私はお守りじゃありません! ~現代の大奥で婚約バトル!? 呪われた御曹司が「君は俺のお守りだ」と甘えてきます~
「掃除して怒られることなんてあるんですね! 人生初です! 金持ちって不便ですね」
「そんなことを言う令嬢はいらっしゃいませんよ」
「私、メイドだったんですよ。それがなぜかこんなことに」
「玉の輿、うれしくないんですか? 毎日会いに来て、ベタ惚れじゃないですか」
 確かに彼は毎日のように来る。が、決して愛ゆえではない。

 昨日だってまったく色っぽいやりとりはなかった。
「良い運気をもらうんだ」
 と抱き着いてくるから、両腕を伸ばして引き離した。
「私の運が減ったらどう責任とるんですか」
「結婚したら総量が同じにならないか?」
「なりません。

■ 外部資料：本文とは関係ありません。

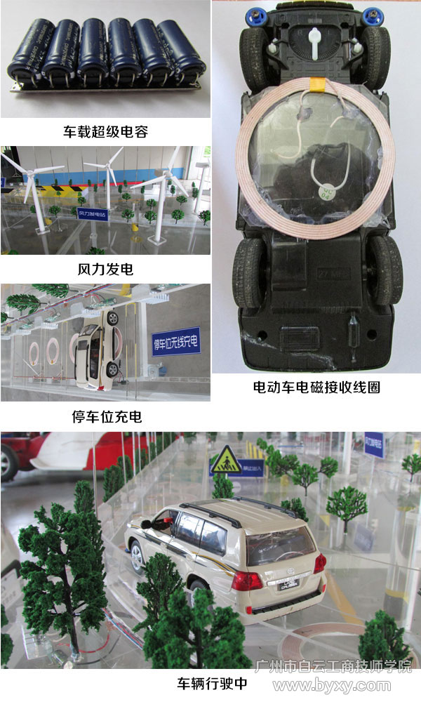 现代交通系教师江剑波和李伯彩设计的《道路无线充电行驶系统》,则是利用道路(停车位)预埋充电线路,电动汽车在行驶途中或停车场的停车位上用无线方式进行充电,随时保持充电状态。同时使用超级电容比传统电池具有的优异特性提高续航能力及减轻负载,结合交通流量检测的功能将光伏和风力发电提供辅助电能有效利用,最终采用计算机辅助管理整个系统达到智能控制的目的而实现电动汽车的无垠里程。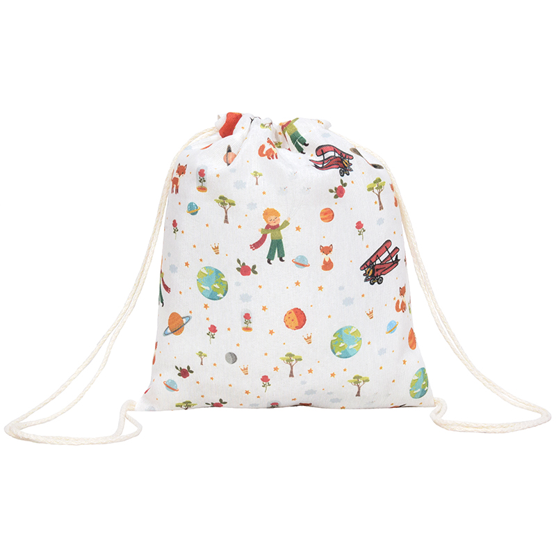 Παιδικό υφασμάτινο σακίδιο πλάτης με θέμα τον μικρό πρίγκιπας, με ύφασμα λονέτας και εκτυπωμένους πλανήτες, αεροπλάνα, λουλούδια, αλεπούδες και άλλα πολλά που θα το αγαπήσουν. Ένα παιδικό backpack σε σχήμα πουγκιού, από ανθεκτικό ύφασμα ιδανικό για την βάπτιση, το party και τις καθημερινές δραστηριότητες. Αποτελεί μια άνετη και ασφαλής επιλογή για τα πράγματά του αφού σουρώνει στο πάνω μέρος. Η διάσταση του είναι 30Χ25 εκ..

返してください」
「じゃあ君から抱き着いて」
「返さなくていいです」
 そんなことばっかりで、まったくロマンチックにはならない。
「開運グッズだよ。役に立ったならいいけど」
 一鈴のつぶやきに、玉江は首をかしげた。



 弟の陽太からメッセージが来たのは夜になってからだった。
『ちゃんとやってる?』
 それだけの文章に、涙が出そうだった。
 偽装婚約の契約は、あと二週間ほどで終わる。
 辞めちゃった、と帰ったらみんな驚くだろうか。
 ——でもきっと温かく迎えてくれる。母はごちそうを作ってくれて、父や弟たちは遠巻きに照れ臭そうに立って、妹はきっと大はしゃぎだ。
 みんなのためにも五千万を稼いで帰らないと。
 一鈴はスマホをぎゅっと握りしめた。


 
 翌日も一鈴は暇だった。
 暇すぎて、ダイヤのペンダントを洗うことにした。
 ダイヤは使っている間に皮脂などでくすんでしまう。
 ぬるま湯を用意して、中性洗剤を溶かす。20分ほどつけてから、ぬるま湯でよくすすぐ。
 最後はキッチンペーパーで優しく水分をふきとった。
 これだけで輝きをだいぶとりもどした。宝石によってはこの方法は使えない。

 莉衣沙はヒットコッターで順調にフォロワーを増やしていた。
 中辻龍之介とも仲良くなったようで、お見舞いに来てくれました! とうれしそうなツーショット写真が上がっていた。